Once the problem has been identified, the next step can be taken – choosing the algorithm.
These scenarios are simplistic and not very realistic in practice. In supervised learning you can choose from other algorithms such as logistic regression, random forest, support vector machine and naive Bayes classification.
However, these examples are necessary to understand the types of algorithms in AI well.
2. Unsupervised learning & reinforcing learning
Here types of algorithms would be very different and could be divided into different categories such as B. Clustering, in which the algorithm is to find similar objects, association in which it is to find connections between objects, dimension reduction, in which it is to reduce the number of variables to reduce noise.
4. Training the algorithms
After the selection of the algorithms has been completed, the model must be trained and the data entered into the model. Model accuracy is critical here. Although there are no internationalized or generally accepted thresholds, it is extremely important that the model accuracy is determined within the selected framework. The determination of an acceptable minimum threshold and the use of a large statistical discipline play a decisive role. The model has to be trained again, since it goes without saying that the models may need to be fine-tuned. For example, in the case of the result with a reduced predictability of the model, it has to be revised and all of the above-mentioned steps have to be checked.
5. Choosing the most suitable programming language for AI
This depends on needs and many factors. Nowadays, data scientists and simple users have access to a wide range of programming languages, from classic C ++ and Java to Python. Python and R are both currently the most popular and widely used programming languages in data science. Both are very powerful programming languages (for data analysis), especially due to the many packages and extensive libraries for machine learning.
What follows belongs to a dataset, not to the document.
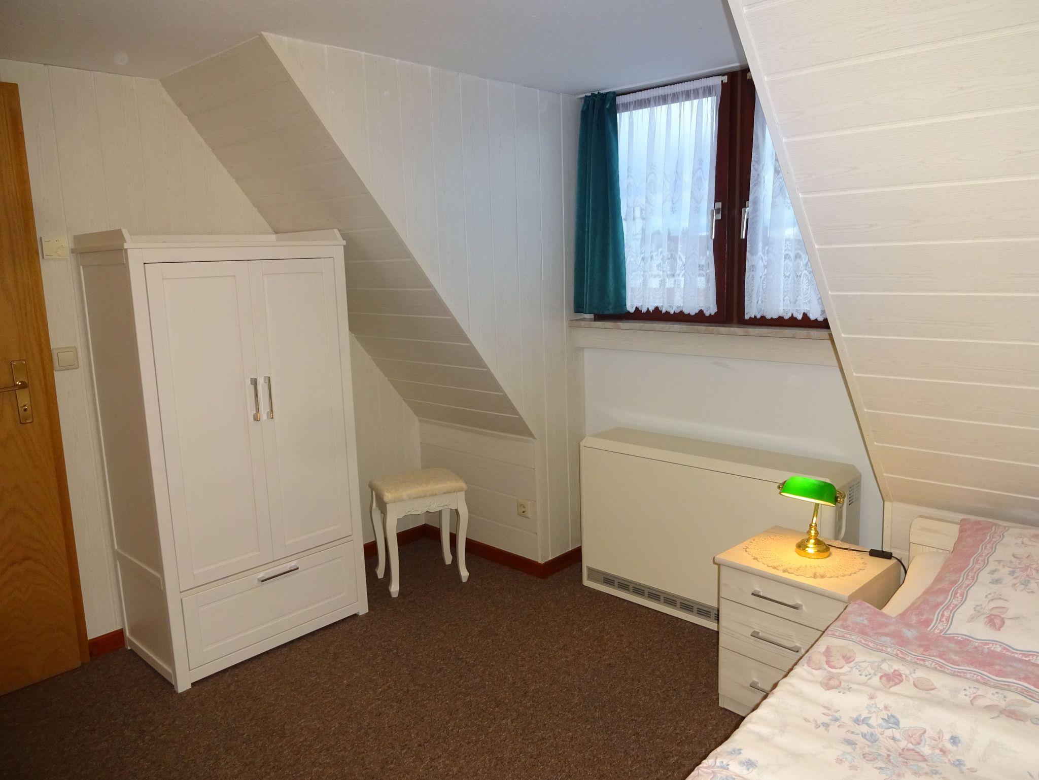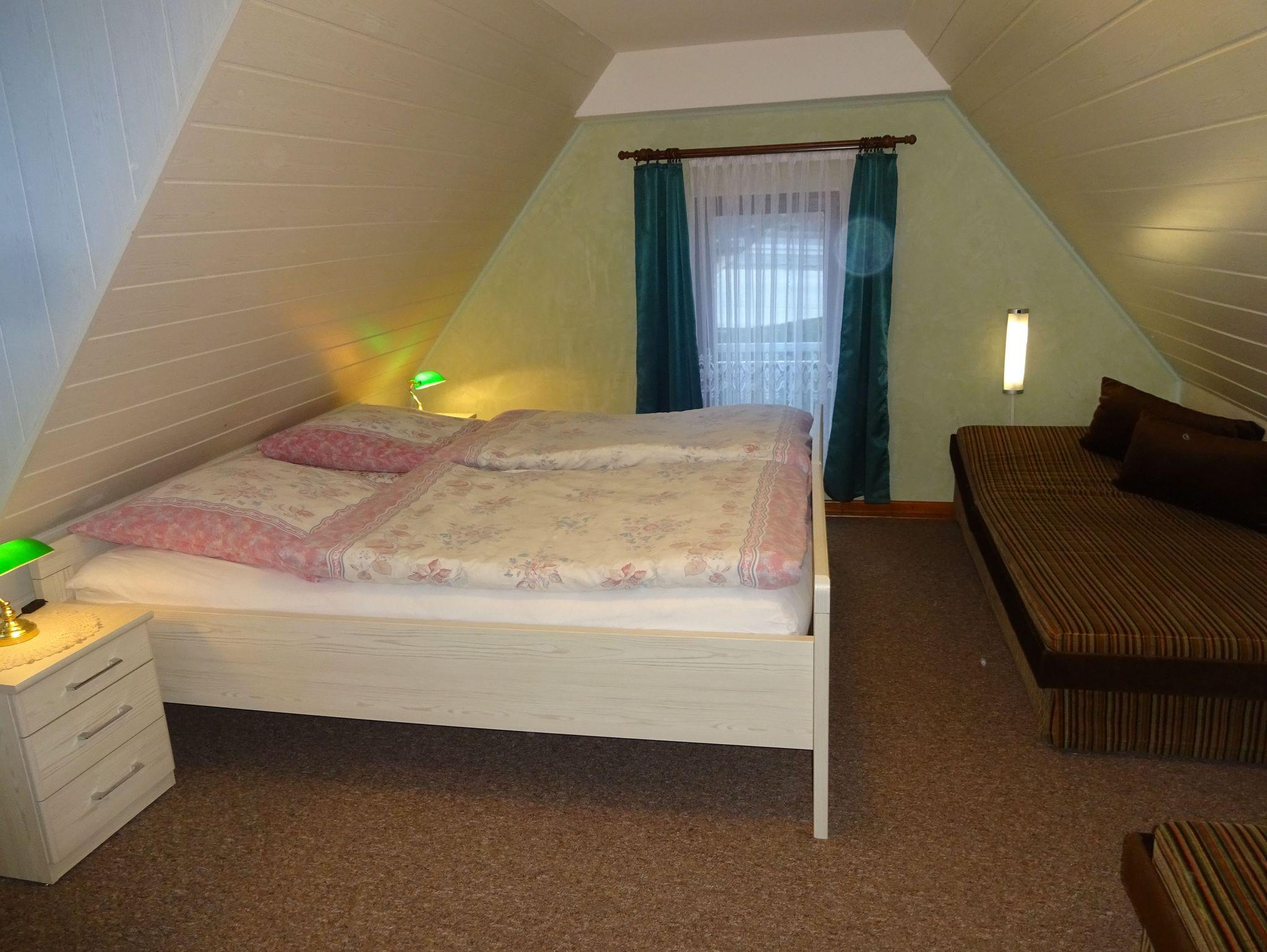 • 1 Schlafzimmer im Obergeschoss mit 1 Doppelbett und 2 Einzelbetten (zu erreichen über eine Raumspar-Treppe mit breiter Auftrittsfläche.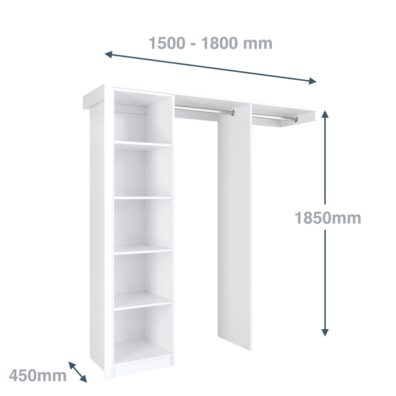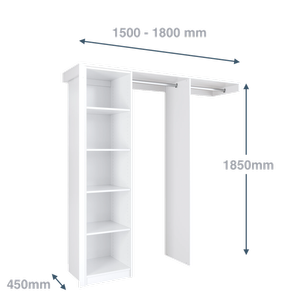 1500 - 1800mm White Package 1 Opening Built In Wardrobe Package

One of the very powerful libraries for computational linguistics is NLTK (the Natural Language Toolkit). It is a compilation of libraries and programs in the Python programming language .
6. Selection of the platform
You don’t necessarily have to buy your own service, database, etc. There is the possibility to choose a pre-built platform that offers all services.
These pre-built platforms (machine learning as a service) were one of the most useful parts of the infrastructure thanks to which machine learning has spread. The goal of developing these platforms was to facilitate and simplify machine learning. They often deliver advanced, cloud-based analytics that work with multiple algorithms and languages and can integrate them.
Rapid deployment is crucial to the success of machine learning as a service. Typically, platforms help solve problems such as data preprocessing, model training, and valuation prediction. Because they differ, a certain pre-evaluation is crucial.
The most popular platforms are Microsoft Azure Machine Learning , the Google Cloud Prediction API , TensorFlow , Ayasdi and others.
If you have any questions about setting up an AI system, you can contact the DFIclub team by email or Q&A .
- Amram is a technical analyst and partner at DFI Club Research, a high-tech research and advisory firm .He has over 10 years of technical and business experience with leading high-tech companies including Huawei,Nokia,Ericsson on ICT, Semiconductor, Microelectronics Systems and embedded systems.Amram focuses on the business critical points where new technologies drive innovations.